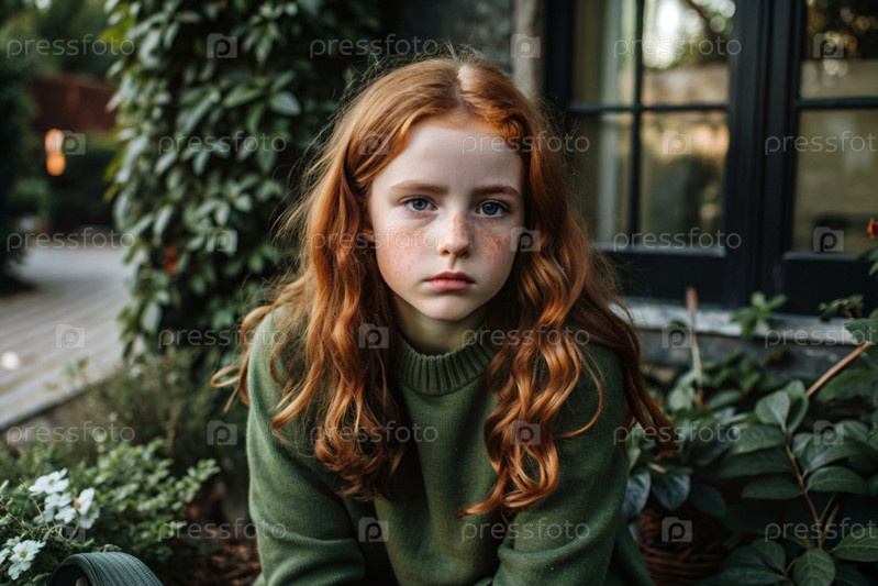 Портрет красивой, несчастной и печальной молодой рыжеволосой девочки-подростка.Проблемы, образование подростков
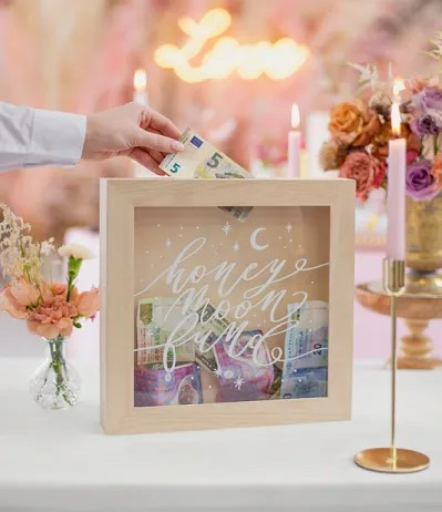 Ένας ευφάνταστος και χιουμοριστικός τρόπος για να συλλέξετε τα φακελάκια των καλεσμένων στο γάμο! Ξύλινο κάδρο-κουμπαράς με λευκή εκτύπωση “”Honeymoon Fund””.
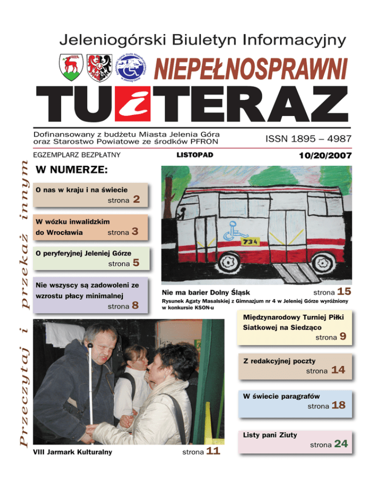 Dofinansowany z budżetu Miasta Jelenia Góra oraz Starostwo Powiatowe ze środków PFRON LISTOPAD innym EGZEMPLARZ BEZPŁATNY 10/20/2007 W NUMERZE: O nas w kraju i na świecie strona 2 W wózku inwalidzkim do Wrocławia strona 3 O peryferyjnej Jeleniej Górze strona 5 Nie wszyscy są zadowoleni ze wzrostu płacy minimalnej strona 8 Nie ma barier Dolny Śląsk strona 15 Rysunek Agaty Masalskiej z Gimnazjum nr 4 w Jeleniej Górze wyróżniony w konkursie KSON-u Międzynarodowy Turniej Piłki Siatkowej na Siedząco strona 9 Przeczytaj i przekaż ISSN 1895 – 4987 Z redakcyjnej poczty strona 14 W świecie paragrafów strona 18 Listy pani Ziuty VIII Jarmark Kulturalny strona 11 strona 24 O NAS W KRAJU I NA ŚWIECIE poddał się eksperymentalnej operacji przywrócenia części słuchu przez wszczepienie implantu śliW maju 26-letnia Kellie Lim, córka chińskich makowego. Trzy lata później, jako jedna z pierwimigrantów, otrzymała na Uniwersytecie Kalifor- szych osób głuchoniewidomych, uzyskał dostęp nijskim dyplom lekarski. W wieku 8 lat zachoro- do Internetu. Wtedy zdał sobie sprawę z tego, że wała na bakteryjne zapalenie opon mózgowych. innego rodzaju implant mógłby umożliwić mu słuLekarze dawali 15 procent szans na przeżycie. chanie muzyki. Drugą operację jego wszczepienia Amputowano jej obie nogi poniżej kolan i prawą przeszedł w 2002 r. rękę poniżej łokcia. Po pięciu miesiącach wróciła Jest entuzjastą muzyki z lat 60., 70. i 80. Utwodo szkoły. Nauczyła się pisać lewą ręką, u której rów nagranych po utracie słuchu nie mógł za doteż ma amputowane końce trzech palców. Była brze poznać. To co puszcza na antenie słyszy przez znakomitą studentką, nie korzystała z żadnej ta- wibracje i rytm, wspomagane przez implanty. Słuryfy ulgowej, nauczyła się nawet robić zastrzyki chacze bardzo lubią jego audycje. jedną ręką. Kellie Lim chodzi na protezach, ale nie użySTWARDNIENIE ROZSIANE I OCZY wa na co dzień protezy ręki. Zakłada ją tylko do niektórych prac w domu. Chce się specjalizować Naukowcy z Johns Hopkins Medical Instituw pediatrii. Przykładem do naśladowania była dla tions przeprowadzili badania na grupie 40 pacjenniej matka, która straciła wzrok w wieku ponad tów ze stwardnieniem rozsianym (SM) za pomodwudziestu lat, ale starała się żyć normalnie, pro- cą techniki tomografii optycznej, która pozwala wadząc dom i wychowując trójkę dzieci. szczegółowo obrazować wnętrze oka. Skanowali LEKARKA BEZ NÓG I RĘKI DJ JEDYNY NA ŚWIECIE 58-letni Mike Gerwat z Wielkiej Brytanii udowadnia, że wszystko jest możliwe. Jako DJ Big MG pracuje w radiu Leeds Eleven FM. Jest, jak sam mówi, jedynym na świecie głuchoniewidomym DJ-em. Urodził się niewidomy. Zawsze kochał muzykę. W 1968 r. jako stroiciel fortepianów pracował między innymi z Eltonem Johnem i zespołem Genesis. Słuch zaczął tracić w 1989 r. Po sześciu tygodniach był już kompletnie głuchy. W 1992 r. MIESIĘCZNIK OSÓB NIEPEŁNOSPRAWNYCH I STARSZYCH DOFINANSOWANY Z BUDŻETU MIASTA JELENIA GÓRA ORAZ STAROSTWO POWIATOWE ZE ŚRODKÓW PFRON Wydawca: Karkonoski Sejmik Osób Niepełnosprawnych Redagują: Marek Chromicz, Andrzej Grzelak (red. naczelny) i zespół wolontariuszy KSON Adres wydawcy i redakcji: ul. Grabowskiego 7, 58-500 Jelenia Góra, tel.: 075 75 242 54, tel./fax centrum informacji: 075 75 231 83, e-mail: [email protected] • www.kson.pl Łamanie: AD REM, Jelenia Góra, ul. 1 Maja 60, tel. 075 75 222 15 Druk: NYC Drukarnia, ul. Grabowskiego 7, 58-500 Jelenia Góra Redakcja nie ponosi odpowiedzialności za treść reklam i ogłoszeń, ts – tekst sponsorowany. Nakład 2000 egz. 2 TU i TERAZ egzemplarz bezpłatny poszczególne warstwy włókien nerwowych w siatkówce. Metoda ta jest prosta i bezbolesna. Wyniki porównano z rezultatami magnetycznego rezonansu jądrowego, stwierdzając znaczną zgodność obu badań. Badanie oka trwa jednak dziesięciokrotnie krócej i kosztuje dziesięciokrotnie taniej. Stwardnienie rozsiane jest chorobą wyniszczającą centralny układ nerwowy – mózg i rdzeń. Zapadają na nie najczęściej ludzie młodzi, około trzydziestego roku życia. Na podstawie PAP, The Guardian, www.niepelnosprawni.pl oprac. ag SPOŁECZNY RZECZNIK OSÓB NIEPEŁNOSPRAWNYCH ZIEMI JELENIOGÓRSKIEJ przyjmuje we wtorki w godz. 11.00-13.00 i czwartki w godz. 13.00-16.00 w biurze Karkonoskiego Sejmiku Osób Niepełnosprawnych przy ul. Grabowskiego 7 w Jeleniej Górze Redakcja „Tu i Teraz” proponuje zamieszczanie reklam oraz tekstów sponsorowanych. Niskie ceny – wysoka skuteczność! Docieramy do ponad 8 tysięcy Czytelników! Zamówienia przyjmuje Biuro KSON-u. W wózku inwalidzkim do Wrocławia Rachunek ekonomiczny jest bezwzględny Osoby poruszające się na wózkach inwalidzkich mają spore kłopoty z dojazdem autobusem z Jeleniej Góry do innych miejscowości. Brakuje przede wszystkim przystosowanych do ich potrzeb pojazdów i to we wszystkich przedsiębiorstwach przewozowych. Problemy te są w firmie KRY-CHA BUS doskonale znane. Jej właściciel, Wojciech Chadży, od wielu lat ma ze środowiskiem niepełnosprawnych ścisłe i bardzo dobre osobiste kontakty, współpracuje z nim w wielu dziedzinach, pomaga potrzebującym, a bywa, że nawet próbuje grać w siatkówkę na siedząco. Niestety, nie znaczy to jednak, że wszystko to ułatwia rozwiązywanie wspomnianych problemów. Wojciech Chadży – To dość skomplikowana sprawa – mówi pan Wojciech. – Chodzi bowiem o pieniądze, które moja firma musi w jakiś sposób pozyskać na odpowiednie przygotowanie techniczne taboru do stałego przewożenia niepełnosprawnych na naszych liniach. W praktyce oznacza to, że po prostu konieczny jest zakup odpowiedniego autobusu. Na samodzielne jego sfinansowanie nas nie stać. Nie ma możliwości potraktowania takiego wydatku jako normalnej inwestycji, bo nawet przy znacznym wzroście tego rodzaju usług i tak miałyby one mar
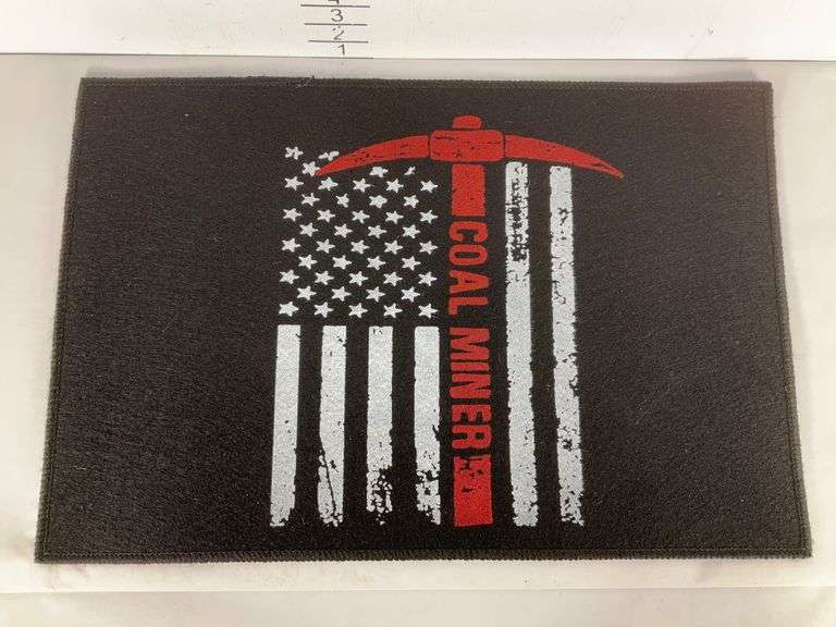 A 27x18in black mat featuring an American flag motif integrated with the depiction of a red pickaxe and vertical text reading 'Coal Miner.' Constructed with textured material and bordered edges.
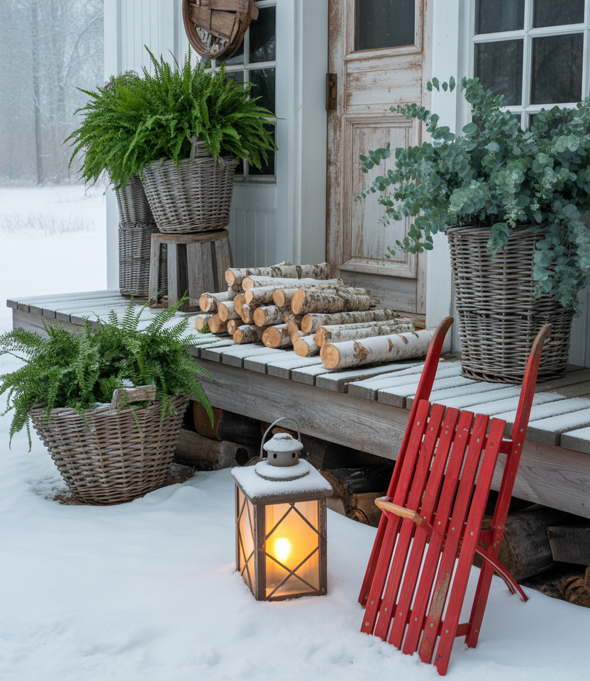 Fill wicker baskets with pine branches, dried hydrangeas, or birch logs for outdoor ideas after Christmas. This simple diy works especially well in ideas farmhouse setups. I’ve placed mine right beside a sled for added rustic charm in January.
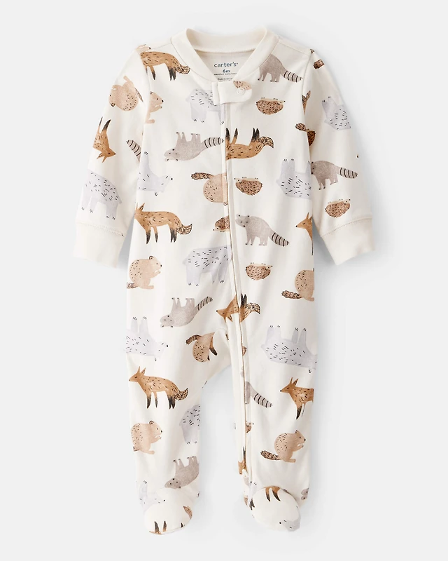 Baby Boy Animal Ski Print Loose Fit Long-Sleeve Sleeper - Cream
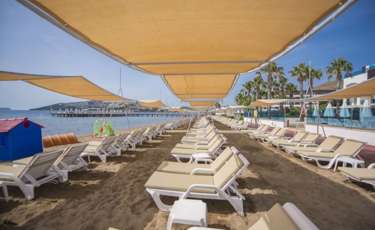 Собствен - пясъчен. Чадъри и шезлонги - на плажа и при басейна - безплатно. Плажни кърпи срещу депозит.

- Action item -
Give back each entry exactly as it appears, with no pictures.

- Your response -
 Портрет красивой, несчастной и печальной молодой рыжеволосой девочки-подростка.Проблемы, образование подростков
 Ένας ευφάνταστος και χιουμοριστικός τρόπος για να συλλέξετε τα φακελάκια των καλεσμένων στο γάμο! Ξύλινο κάδρο-κουμπαράς με λευκή εκτύπωση “”Honeymoon Fund””.
 Dofinansowany z budżetu Miasta Jelenia Góra oraz Starostwo Powiatowe ze środków PFRON LISTOPAD innym EGZEMPLARZ BEZPŁATNY 10/20/2007 W NUMERZE: O nas w kraju i na świecie strona 2 W wózku inwalidzkim do Wrocławia strona 3 O peryferyjnej Jeleniej Górze strona 5 Nie wszyscy są zadowoleni ze wzrostu płacy minimalnej strona 8 Nie ma barier Dolny Śląsk strona 15 Rysunek Agaty Masalskiej z Gimnazjum nr 4 w Jeleniej Górze wyróżniony w konkursie KSON-u Międzynarodowy Turniej Piłki Siatkowej na Siedząco strona 9 Przeczytaj i przekaż ISSN 1895 – 4987 Z redakcyjnej poczty strona 14 W świecie paragrafów strona 18 Listy pani Ziuty VIII Jarmark Kulturalny strona 11 strona 24 O NAS W KRAJU I NA ŚWIECIE poddał się eksperymentalnej operacji przywrócenia części słuchu przez wszczepienie implantu śliW maju 26-letnia Kellie Lim, córka chińskich makowego. Trzy lata później, jako jedna z pierwimigrantów, otrzymała na Uniwersytecie Kalifor- szych osób głuchoniewidomych, uzyskał dostęp nijskim dyplom lekarski. W wieku 8 lat zachoro- do Internetu. Wtedy zdał sobie sprawę z tego, że wała na bakteryjne zapalenie opon mózgowych. innego rodzaju implant mógłby umożliwić mu słuLekarze dawali 15 procent szans na przeżycie. chanie muzyki. Drugą operację jego wszczepienia Amputowano jej obie nogi poniżej kolan i prawą przeszedł w 2002 r. rękę poniżej łokcia. Po pięciu miesiącach wróciła Jest entuzjastą muzyki z lat 60., 70. i 80. Utwodo szkoły. Nauczyła się pisać lewą ręką, u której rów nagranych po utracie słuchu nie mógł za doteż ma amputowane końce trzech palców. Była brze poznać. To co puszcza na antenie słyszy przez znakomitą studentką, nie korzystała z żadnej ta- wibracje i rytm, wspomagane przez implanty. Słuryfy ulgowej, nauczyła się nawet robić zastrzyki chacze bardzo lubią jego audycje. jedną ręką. Kellie Lim chodzi na protezach, ale nie użySTWARDNIENIE ROZSIANE I OCZY wa na co dzień protezy ręki. Zakłada ją tylko do niektórych prac w domu. Chce się specjalizować Naukowcy z Johns Hopkins Medical Instituw pediatrii. Przykładem do naśladowania była dla tions przeprowadzili badania na grupie 40 pacjenniej matka, która straciła wzrok w wieku ponad tów ze stwardnieniem rozsianym (SM) za pomodwudziestu lat, ale starała się żyć normalnie, pro- cą techniki tomografii optycznej, która pozwala wadząc dom i wychowując trójkę dzieci. szczegółowo obrazować wnętrze oka. Skanowali LEKARKA BEZ NÓG I RĘKI DJ JEDYNY NA ŚWIECIE 58-letni Mike Gerwat z Wielkiej Brytanii udowadnia, że wszystko jest możliwe. Jako DJ Big MG pracuje w radiu Leeds Eleven FM. Jest, jak sam mówi, jedynym na świecie głuchoniewidomym DJ-em. Urodził się niewidomy. Zawsze kochał muzykę. W 1968 r. jako stroiciel fortepianów pracował między innymi z Eltonem Johnem i zespołem Genesis. Słuch zaczął tracić w 1989 r. Po sześciu tygodniach był już kompletnie głuchy. W 1992 r. MIESIĘCZNIK OSÓB NIEPEŁNOSPRAWNYCH I STARSZYCH DOFINANSOWANY Z BUDŻETU MIASTA JELENIA GÓRA ORAZ STAROSTWO POWIATOWE ZE ŚRODKÓW PFRON Wydawca: Karkonoski Sejmik Osób Niepełnosprawnych Redagują: Marek Chromicz, Andrzej Grzelak (red. naczelny) i zespół wolontariuszy KSON Adres wydawcy i redakcji: ul. Grabowskiego 7, 58-500 Jelenia Góra, tel.: 075 75 242 54, tel./fax centrum informacji: 075 75 231 83, e-mail: [email protected] • www.kson.pl Łamanie: AD REM, Jelenia Góra, ul. 1 Maja 60, tel. 075 75 222 15 Druk: NYC Drukarnia, ul. Grabowskiego 7, 58-500 Jelenia Góra Redakcja nie ponosi odpowiedzialności za treść reklam i ogłoszeń, ts – tekst sponsorowany. Nakład 2000 egz. 2 TU i TERAZ egzemplarz bezpłatny poszczególne warstwy włókien nerwowych w siatkówce. Metoda ta jest prosta i bezbolesna. Wyniki porównano z rezultatami magnetycznego rezonansu jądrowego, stwierdzając znaczną zgodność obu badań. Badanie oka trwa jednak dziesięciokrotnie krócej i kosztuje dziesięciokrotnie taniej. Stwardnienie rozsiane jest chorobą wyniszczającą centralny układ nerwowy – mózg i rdzeń. Zapadają na nie najczęściej ludzie młodzi, około trzydziestego roku życia. Na podstawie PAP, The Guardian, www.niepelnosprawni.pl oprac. ag SPOŁECZNY RZECZNIK OSÓB NIEPEŁNOSPRAWNYCH ZIEMI JELENIOGÓRSKIEJ przyjmuje we wtorki w godz. 11.00-13.00 i czwartki w godz. 13.00-16.00 w biurze Karkonoskiego Sejmiku Osób Niepełnosprawnych przy ul. Grabowskiego 7 w Jeleniej Górze Redakcja „Tu i Teraz” proponuje zamieszczanie reklam oraz tekstów sponsorowanych. Niskie ceny – wysoka skuteczność! Docieramy do ponad 8 tysięcy Czytelników! Zamówienia przyjmuje Biuro KSON-u. W wózku inwalidzkim do Wrocławia Rachunek ekonomiczny jest bezwzględny Osoby poruszające się na wózkach inwalidzkich mają spore kłopoty z dojazdem autobusem z Jeleniej Góry do innych miejscowości. Brakuje przede wszystkim przystosowanych do ich potrzeb pojazdów i to we wszystkich przedsiębiorstwach przewozowych. Problemy te są w firmie KRY-CHA BUS doskonale znane. Jej właściciel, Wojciech Chadży, od wielu lat ma ze środowiskiem niepełnosprawnych ścisłe i bardzo dobre osobiste kontakty, współpracuje z nim w wielu dziedzinach, pomaga potrzebującym, a bywa, że nawet próbuje grać w siatkówkę na siedząco. Niestety, nie znaczy to jednak, że wszystko to ułatwia rozwiązywanie wspomnianych problemów. Wojciech Chadży – To dość skomplikowana sprawa – mówi pan Wojciech. – Chodzi bowiem o pieniądze, które moja firma musi w jakiś sposób pozyskać na odpowiednie przygotowanie techniczne taboru do stałego przewożenia niepełnosprawnych na naszych liniach. W praktyce oznacza to, że po prostu konieczny jest zakup odpowiedniego autobusu. Na samodzielne jego sfinansowanie nas nie stać. Nie ma możliwości potraktowania takiego wydatku jako normalnej inwestycji, bo nawet przy znacznym wzroście tego rodzaju usług i tak miałyby one mar
 A 27x18in black mat featuring an American flag motif integrated with the depiction of a red pickaxe and vertical text reading 'Coal Miner.' Constructed with textured material and bordered edges.
 Fill wicker baskets with pine branches, dried hydrangeas, or birch logs for outdoor ideas after Christmas. This simple diy works especially well in ideas farmhouse setups. I’ve placed mine right beside a sled for added rustic charm in January.
 Baby Boy Animal Ski Print Loose Fit Long-Sleeve Sleeper - Cream
 Собствен - пясъчен. Чадъри и шезлонги - на плажа и при басейна - безплатно. Плажни кърпи срещу депозит.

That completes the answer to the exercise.